A small detail: for this presentation, I finally completely avoided C examples. If I had to do it again, I would add few very very simple C examples because during the questions I had to explain things that would have been easier to explain with these examples (in particular pointers to PyObjects and explicit reference counting versus handles).

Regarding improving the website and documentation for simple Python users (that again know nothing about the CPython C API and alternative Python implementations), I think it could be useful to have a specific page for them in the website or in the documentation with some links at the beginning of the README, the website and the documentation.

Currently the first texts that are available in these pages are way too technical for simple Python users and even many maintainers of Python packages. In the Summary section of the README, we feel a real effort to explain things, but even this part is too technical ("GC instead of refcounting", "GIL", "binary stability", "API/ABI", consequences in terms of C developers/extensions and not in terms of end-users).

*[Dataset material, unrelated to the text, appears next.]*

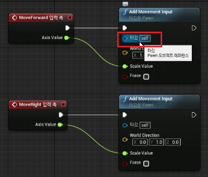 따라서 "Add Movement Input" 은 입력을 받아 움직임이 가능한 함수

To better explain what I mean, I'm going to try to write something explaining HPy to my colleagues/friends using Python. I'm bad in English and I don't have time to really work on this text but I guess the ideas are going to be understandable for you HPy developers.

Introduction for Python users that don't know what is the CPython C API

The Python ecosystem is based on the CPython C API (i.e. on C functions to interact with the Python interpreter). Some of your favorite packages (in particular Numpy, Matplotlib, Scipy, Pandas, ...) contain extensions produced from C code using this API. Unfortunately, the CPython C API has deep technical issues, which block improvements of the ecosystem. On the one hand, it is very difficult to improve the performance of CPython (the reference Python implementation) and on the other hand, supporting the CPython C API is a nightmare for alternative Python implementation (like PyPy, GraalPython, RustPython, MicroPython, etc.) and completely blocks their usage because it leads to very bad performance for code using the CPython C API.

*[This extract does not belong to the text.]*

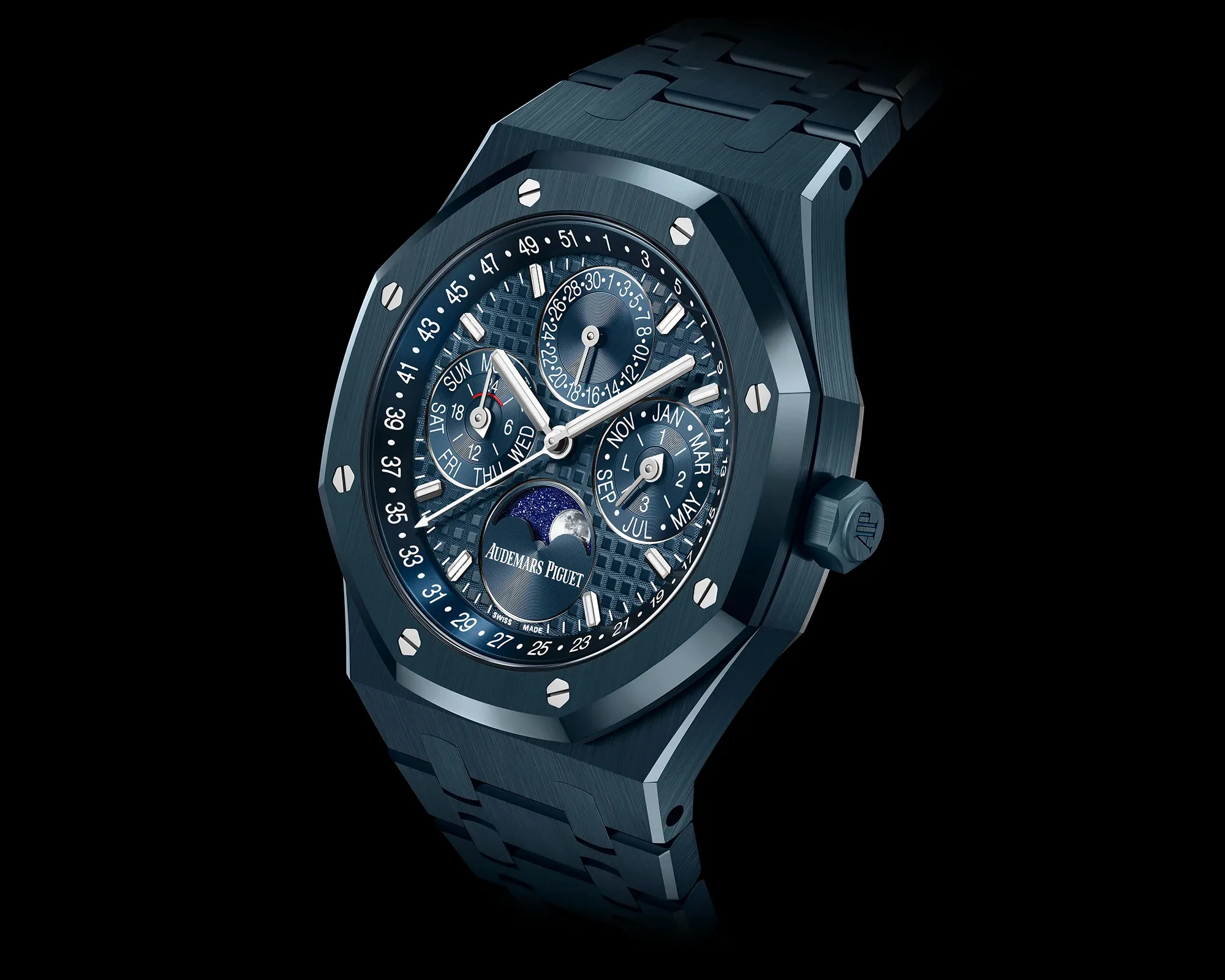Openworked perpetual calendars with crown-only correction systems continue AP’s push toward complications that fit into daily routines. Malachite dials and deep “Bleu Nuit, Nuage 50” ceramic cases lean into material and color without asking for much explanation.

Blabla/data on how much better/faster the alternative Python implementations are and what it would change for the user to be able to use them.

HPy is a better API for extending Python in C. When most popular packages using the CPython C API will be ported to this new API, their wheels (what you usually install with pip install) will be compatible and efficient with CPython and all other alternative implementation supporting HPy (currently PyPy and GraalPy). It will become very easy for Python users to choose the most efficient Python implementations, which will be able to specialize themself for particular use cases. By relaxing the constrains of maintaining good performance for the legacy CPython API, it will become much easier to change some CPython internals to improve its overall performance.

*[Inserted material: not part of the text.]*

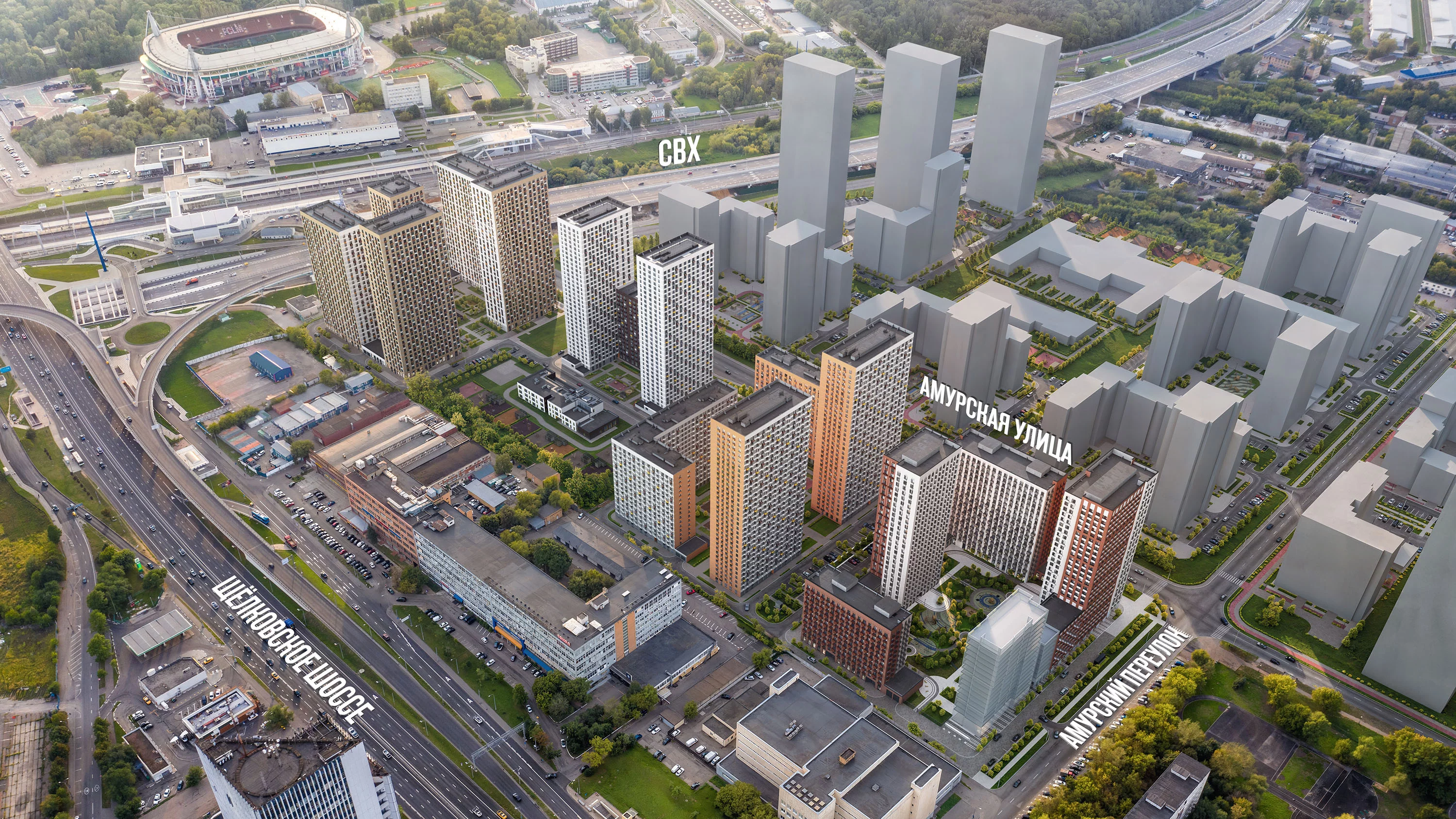 «Амурский парк» — проект «Серии плюс» с видом на Измайловский парк. Квартал возводится на востоке Москвы, в 10 минутах пешком от станций метро «Черкизовская» и МЦК «Локомотив». Доехать от проекта на машине до ТТК или МКАД можно за 15 минут, а до Садового кольца — за 17 минут.

We are now convince that there is a clean technical solution to reach this better state, however there is still a long road.

Blabla on what remains to be done, in particular evaluation of the amount of work to port the most popular packages. + it's good to motivate people to give some raw estimation of when python users could be able to start to feel the changes related to HPy. (For example the Faster CPython project mentions x5 faster in 2025!)

To foster this project and the associate big transition in the ecosystem, you can ...

End of the introduction

What I try to say is that it is possible to explain HPy from the point of view of Python users and with very few technical terms.

There is also the idea that the project behind HPy is to port most popular packages using the legacy API to HPy. I feel that it is not really explicit in the README/website/doc.

Note that such text could be filled with hyperlinks to more serious contents with deeper explanation.

mattip commented 1 year ago

Could you create a blog post at https://github.com/hpyproject/hpyproject.org with your presentations or with a link to your presentation?

That repo holds the code used to create hpyproject.org using nikola. I see it is missing a README, which might be nice to add...

I think a non-technical 10,000 meter view would be nice. PRs welcome.